Часто мы болтались возле выхода из метро. Однажды к нам подплыл замусоленный тип в сером плаще и в элегантной серой шляпе с черной лентой. Подобострастно усмехаясь, он глядел, как мы скакали на одной ноге. Изысканное бледное лицо изгибалось влево и вправо. Нос у него был тонкий, с нежной горбинкой, хрящеватый, породистый, как у Барро. Он долго и странно морщился, извивался, ежился, всем своим видом изображая радостное оживление при виде нашей детской радости.

«Девочки, – сказал он. – Какие вы милые.

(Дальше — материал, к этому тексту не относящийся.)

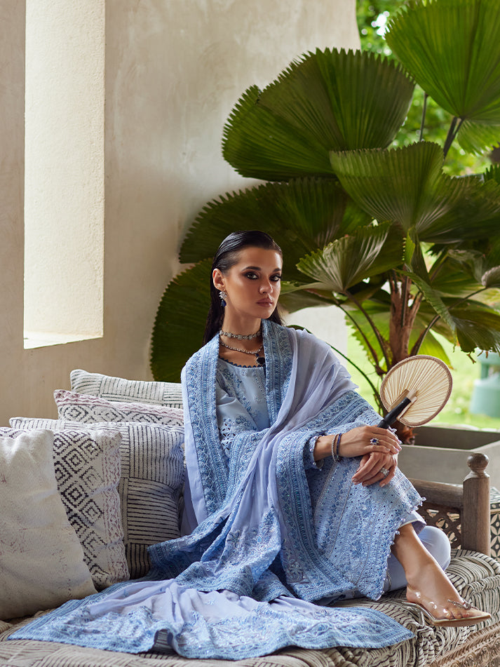 - Chikankaari-embroidered and Sequined Rib Lawn Sleeves

У меня тоже есть дочурка. Ниночка. Славная такая».

Он снова поежился, распрямился, скукожился, изогнулся, переступил ногами в мешковатых, полосатых брюках.

– Вы хорошие девчурки, – снова сказал он с притворной непринужденностью. – А у меня знаете, что есть?

Мы удивленно посмотрели друг на друга. Нас в нашей детской надменности не интересовало, что есть у этого ничтожного, похожего на мусор человека.

– А у меня есть одна маленькая штучка, – сказал он, блудливо улыбаясь. – Показать? Она у меня вот тут. – Он показал на ширинку. – Пойдемте в подъезд, я вам ее покажу.

Идти в подъезд мы отказались. Но какое-то колкое чувство гадливого любопытства заставило меня взглянуть на него повнимательней. Он трепетно задрожал.

– Вот ты, девуленька, – сказал он. – Сколько тебе годков?

– Девять.

– И моей дочурке девять, – обрадовался он. – Тамарочкою звать. Она очень любит лежать у меня в постельке голенькая. Она без рубашечки любит спать. Ой, у нее такая фигурка ладненькая! Она меня очень любит, моя малышка. Всегда говорит: «Папочка, можно я поиграю твоей штучкой? У тебя такая штучка хорошая. Так мне нравится. Папочка, откуда у тебя такая штучка?» А я говорю: «Вот вырастешь – узнаешь, дочка. В школе расскажут». А вы в каком классе учитесь, девочки?

– В третьем.

– А вам еще не рассказывали, какая у дяденек бывает штучка? Моя дочка всегда мне говорит: «Папулечка, какой ты хороший и какая у тебя штучка замечательная!»

Тут он опять странно изогнулся, как-то витиевато взглянул вбок и неожиданно бодро воскликнул: «А, девочки? Пойдемте, покажу!»

Все это было ново и пахло неизведанной гадостью. Я мигнула Рыжанской: вот, мол, псих. Мы обе захихикали и хотели уйти, но он сказал: «Ой, не уходите, у меня леденец есть». Он вынул из кармана брюк грязный, с прилипшими крошками зеленый леденец, подобострастно протянул его Рыжанской. Та гордо отвернулась. Он отвел нас на скамейку и погладил Рыжанскую по колену. Она покраснела.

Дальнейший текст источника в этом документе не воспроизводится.